I've been going through Haskell monoids and their uses, which has given me a fairly good understanding of the basics of monoids. One of the things introduced in the blog post is the Any monoid, and it's usage like the following:
foldMap (Any . (== 1)) tree
foldMap (All . (> 1)) [1,2,3]
In a similar vein, I've been trying to construct a Maximum monoid and have come up with the following:
newtype Maximum a = Maximum { getMaximum :: Maybe a }
deriving (Eq, Ord, Read, Show)
instance Ord a => Monoid (Maximum a) where
mempty = Maximum Nothing
m@(Maximum (Just x)) `mappend` Maximum Nothing = m
Maximum Nothing `mappend` y = y
m@(Maximum (Just x)) `mappend` n@(Maximum (Just y))
| x > y = m
| otherwise = n
I could construct a Maximum monoid for a specific type - say Num for example, quite easily, but want it to be useful for anything (with the obvious requirement that the anything is an instance of Ord).
At this point my code compiles, but that's about it. If I try to run it I get this:
> foldMap (Just) [1,2,3]
<interactive>:1:20:
Ambiguous type variable `a' in the constraints:
`Num a' arising from the literal `3' at <interactive>:1:20
`Monoid a' arising from a use of `foldMap' at <interactive>:1:0-21
Probable fix: add a type signature that fixes these type variable(s)

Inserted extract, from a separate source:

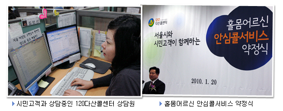 전화, 그 이상의 사랑을 전하는 안심콜 서비스 “너무 참말로 고마워~. 이렇게 어려운 시기에 앉아 있을 때나 누워 있을 때나 항상 생각 나. 고마워~!” 연탄 400장과 쌀 1포대, 그리고 임나영 상담원에게 성탄절 선물로 받은 스웨터에 박은임 할머니(가명, 77세, 노원구 중계본동)는 몇 번이고 고맙다는 말을 전하셨다. 안심콜서비스를 통해 할머니와 인연을 맺은 임나영 상담원은 겨울이 되고 한파가 계속되자 작은 방에서 연탄을 아끼려고 춥게 지내실 할머니가 걱정이 되어 상담팀장님께 사정을 전달했다. 소식을 들은 120다산콜센터 직원들은 지난 연말 할머니를 위해 자체적으로 모은 봉사기금(천원의 보람)을 활용해 연탄과 쌀 등 선물을 준비해 할머니를 찾았다. 하루가 48시간처럼 지루하고 힘들어도 마음 나눌 사람 하나 없어 서럽기만 했었던 할머니의 마음을 녹여준 안심콜서비스와 유례없는 한파에 걱정 많았던 할머니의 몸까지 녹여드린 120다산콜센터 직원들의 마음이 담긴 선물에 연신 웃는 할머니의 얼굴은 세월의 무게에 패인 주름마저 즐거워 보이게 만들었다. 노환으로 거동이 불편하고 안부를 챙겨주는 이가 전혀 없어 '죽어도 누구 하나 알 수 없는 형편'이라며 안심콜서비스를 신청하신 유지환(가명, 78세, 동작구 상도동) 할아버지도 그 이상의 도움을 받았다. 박현정 상담원은 파킨슨 증상과 함께 왼팔이 마비됐지만 왼쪽 하체는 비교적 괜찮아 병원에 겨우 다니신다는 할아버지의 상태를 큰사랑노인전문병원장이시자 '120다산나누미' 봉사단장인 이상일 박사에게 부탁했고, 박사는 상담 후 어르신 집과 가까운 병원에 제출할 수 있는 소견서를 작성해드렸다. 하루 2~3회 안부전화로 시작하여 가족 이상의 정을 전해온 안심콜서비스가 지난 20일 '120데이'를 맞이하여 ‘시민고객과 함께하는 홀몸어르신 안심콜 서비스 약정식’을 가졌다. ‘시민고객께 받은 사랑을 되돌려 드리자’는 취지로 출발한 사랑의 불씨가 범시민 봉사운동의 불꽃으로 일어나게 된 것이다.

I'm not sure if this is because I'm calling it wrong, or because my monoid is incorrect, or both. I'd appreciate any guidance on where I'm going wrong (both in terms of logic errors and non-idiomatic Haskell usage, as I'm very new to the language).
-- EDIT --
Paul Johnson, in a comment below, suggested leaving Maybe out. My first attempt looks like this:
newtype Minimum a = Minimum { getMinimum :: a }
deriving (Eq, Ord, Read, Show)
instance Ord a => Monoid (Minimum a) where
mempty = ??
m@(Minimum x) `mappend` n@(Minimum y)
| x < y = m
| otherwise = n
but I'm unclear how to express mempty without knowing what the mempty value of a should be. How could I generalise this?